### What is needed
Your answer should consist only of the records, copied exactly, with the images removed.

Top of Supplied records

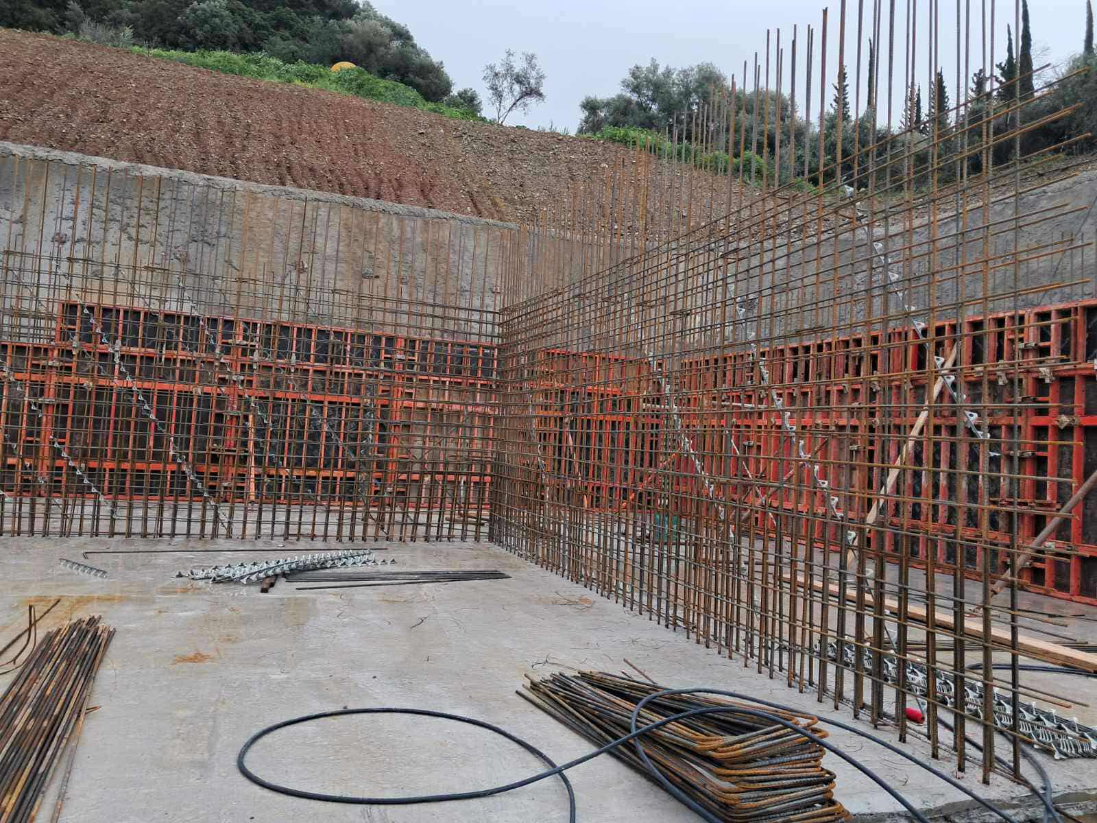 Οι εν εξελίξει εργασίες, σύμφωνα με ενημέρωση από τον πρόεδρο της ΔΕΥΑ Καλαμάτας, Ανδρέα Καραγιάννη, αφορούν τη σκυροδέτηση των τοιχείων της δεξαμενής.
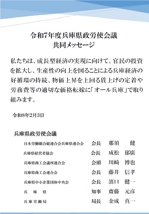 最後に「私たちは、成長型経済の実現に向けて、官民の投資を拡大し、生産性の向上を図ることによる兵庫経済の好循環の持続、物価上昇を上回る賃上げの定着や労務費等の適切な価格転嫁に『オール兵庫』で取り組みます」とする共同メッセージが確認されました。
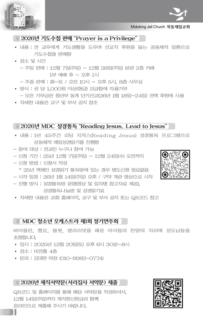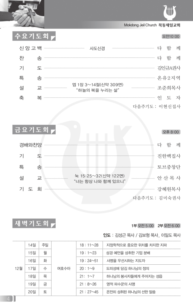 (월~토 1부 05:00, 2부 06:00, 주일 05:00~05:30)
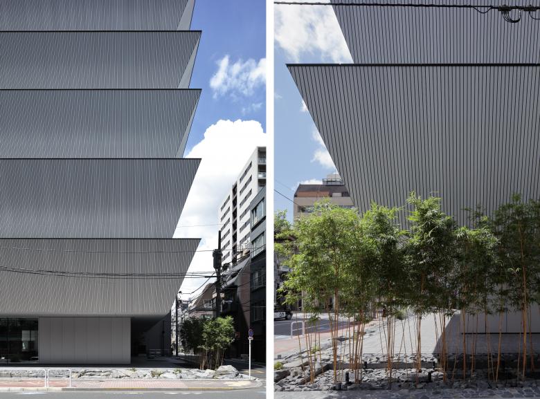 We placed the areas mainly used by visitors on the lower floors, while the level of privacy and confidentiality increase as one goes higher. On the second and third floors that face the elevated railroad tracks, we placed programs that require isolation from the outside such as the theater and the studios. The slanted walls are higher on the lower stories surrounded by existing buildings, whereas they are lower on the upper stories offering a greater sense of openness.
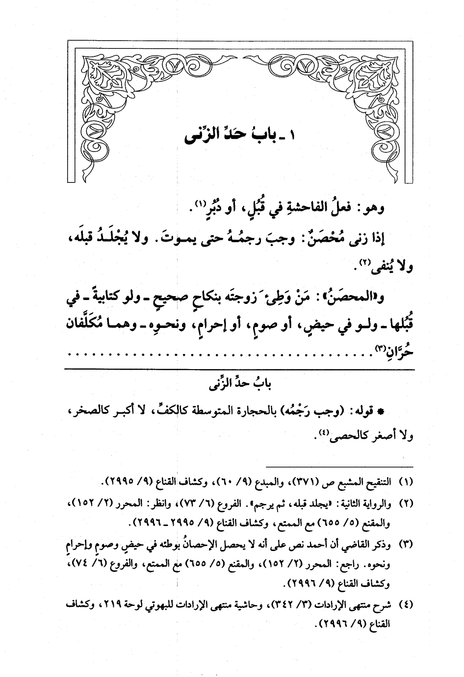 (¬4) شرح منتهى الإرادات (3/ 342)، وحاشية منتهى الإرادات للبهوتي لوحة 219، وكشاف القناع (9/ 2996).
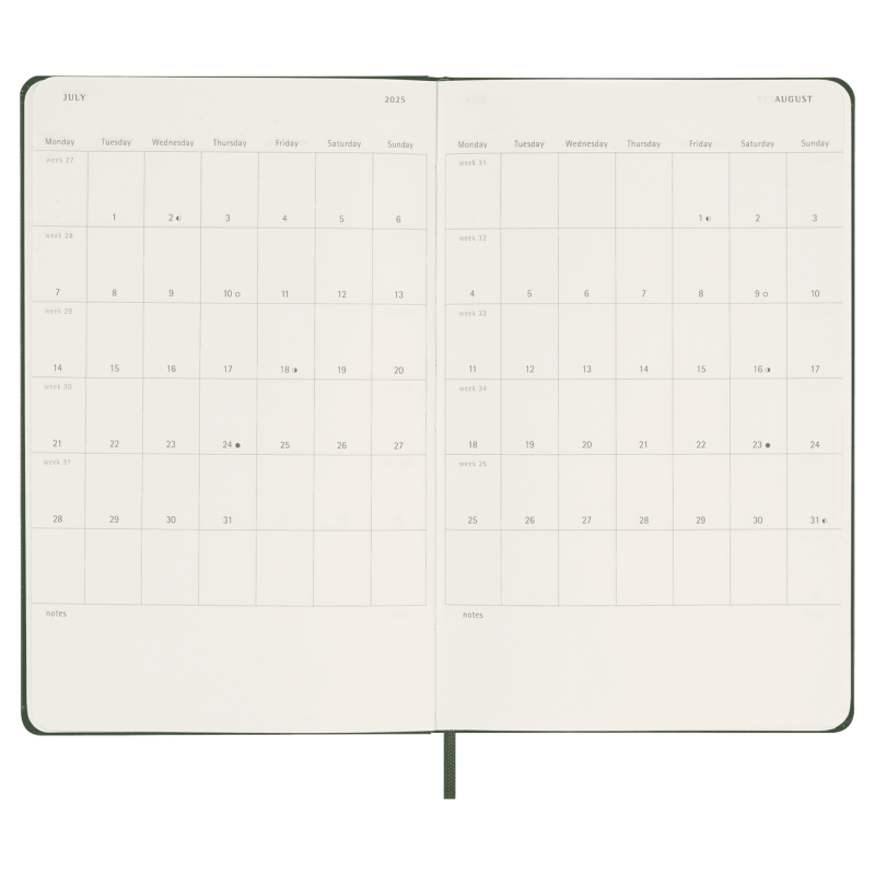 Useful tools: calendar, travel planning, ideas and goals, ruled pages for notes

Bottom of Supplied records

### Reply
 Οι εν εξελίξει εργασίες, σύμφωνα με ενημέρωση από τον πρόεδρο της ΔΕΥΑ Καλαμάτας, Ανδρέα Καραγιάννη, αφορούν τη σκυροδέτηση των τοιχείων της δεξαμενής.
 最後に「私たちは、成長型経済の実現に向けて、官民の投資を拡大し、生産性の向上を図ることによる兵庫経済の好循環の持続、物価上昇を上回る賃上げの定着や労務費等の適切な価格転嫁に『オール兵庫』で取り組みます」とする共同メッセージが確認されました。
 (월~토 1부 05:00, 2부 06:00, 주일 05:00~05:30)
 We placed the areas mainly used by visitors on the lower floors, while the level of privacy and confidentiality increase as one goes higher. On the second and third floors that face the elevated railroad tracks, we placed programs that require isolation from the outside such as the theater and the studios. The slanted walls are higher on the lower stories surrounded by existing buildings, whereas they are lower on the upper stories offering a greater sense of openness.
 (¬4) شرح منتهى الإرادات (3/ 342)، وحاشية منتهى الإرادات للبهوتي لوحة 219، وكشاف القناع (9/ 2996).
 Useful tools: calendar, travel planning, ideas and goals, ruled pages for notes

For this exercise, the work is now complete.